*** Opening of Extracted records ***

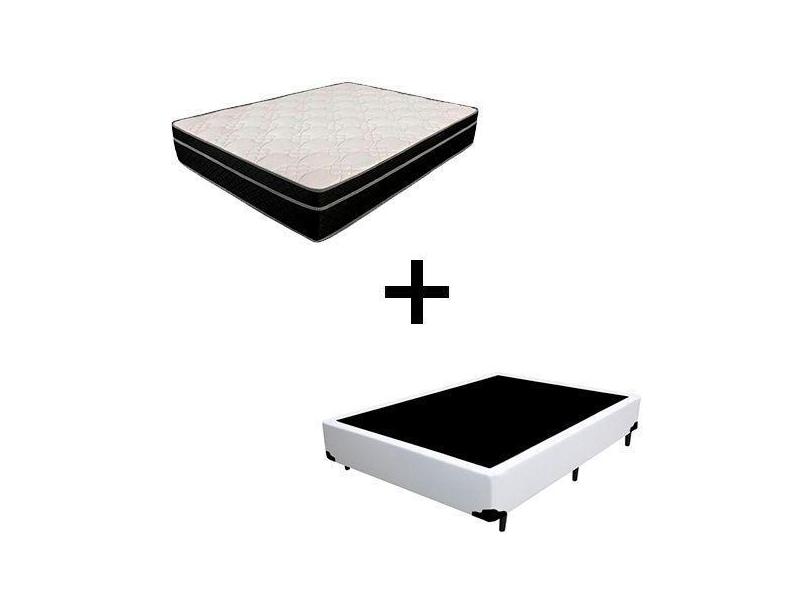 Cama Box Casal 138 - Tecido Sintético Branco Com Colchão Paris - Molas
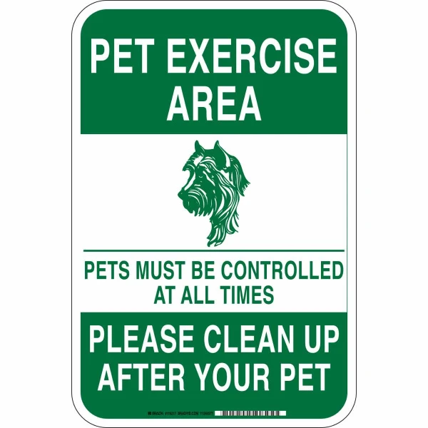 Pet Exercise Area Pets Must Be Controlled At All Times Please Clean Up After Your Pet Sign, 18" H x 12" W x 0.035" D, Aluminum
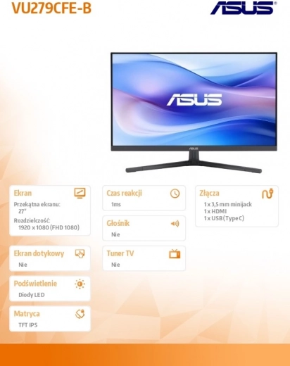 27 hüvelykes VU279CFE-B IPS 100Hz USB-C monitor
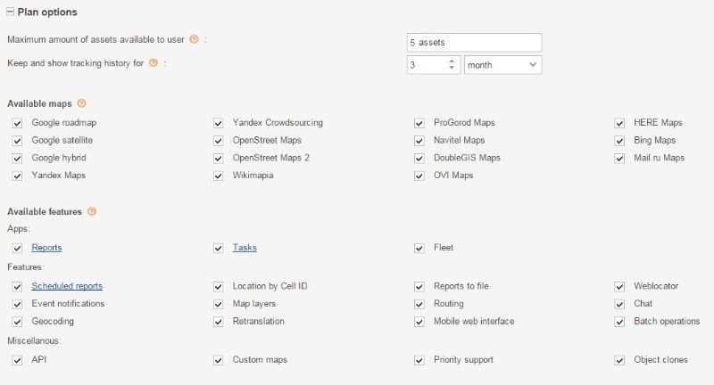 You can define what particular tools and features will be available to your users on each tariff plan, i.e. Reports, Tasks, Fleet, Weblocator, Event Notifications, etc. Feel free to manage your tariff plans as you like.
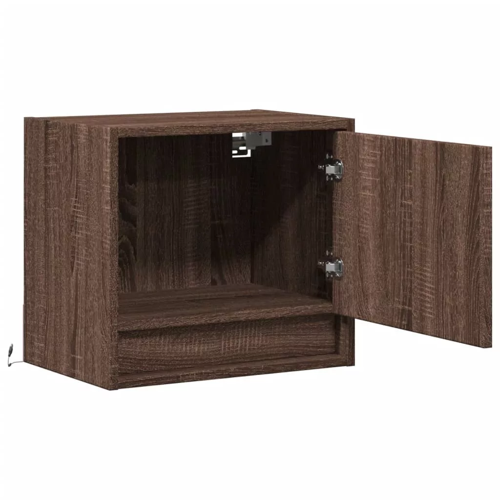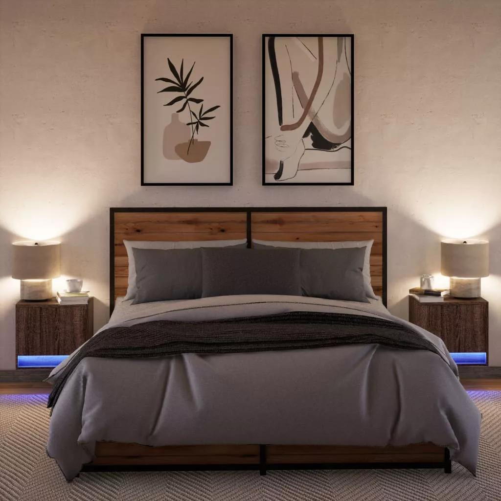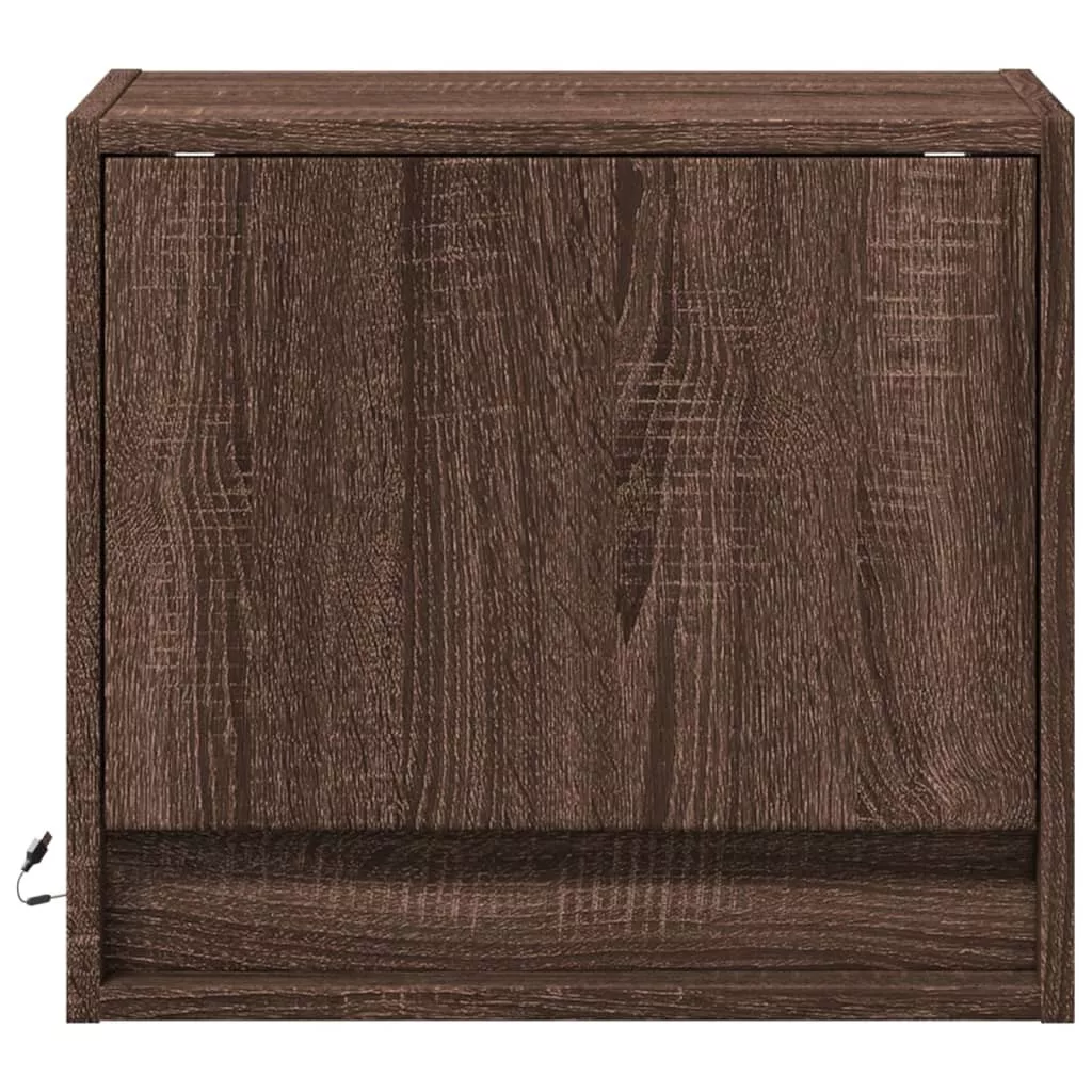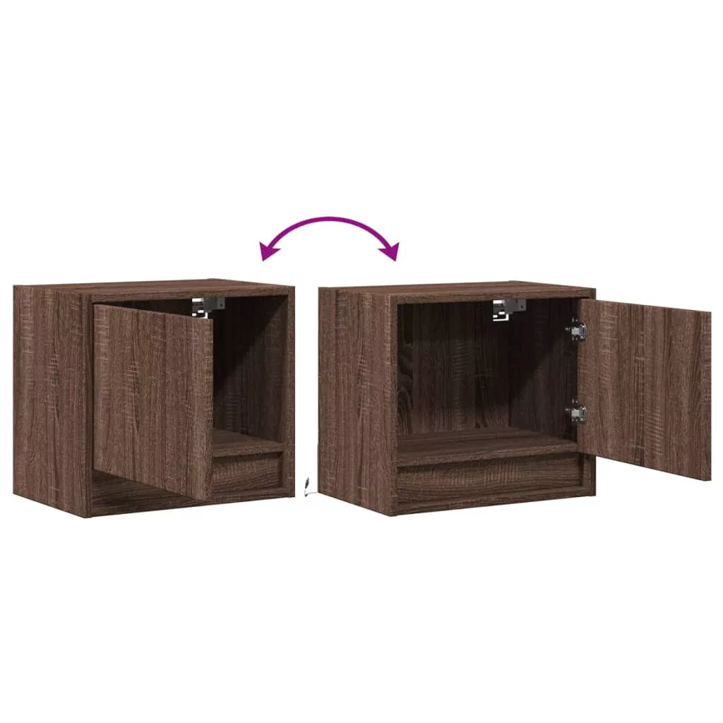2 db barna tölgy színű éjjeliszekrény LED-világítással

*** Close of Extracted records ***

◆ Problem statement
When you set down the records above, copy every line exactly and exclude the pictures.

◆ Answer section
 Cama Box Casal 138 - Tecido Sintético Branco Com Colchão Paris - Molas
 Pet Exercise Area Pets Must Be Controlled At All Times Please Clean Up After Your Pet Sign, 18" H x 12" W x 0.035" D, Aluminum
 27 hüvelykes VU279CFE-B IPS 100Hz USB-C monitor
 You can define what particular tools and features will be available to your users on each tariff plan, i.e. Reports, Tasks, Fleet, Weblocator, Event Notifications, etc. Feel free to manage your tariff plans as you like.
2 db barna tölgy színű éjjeliszekrény LED-világítással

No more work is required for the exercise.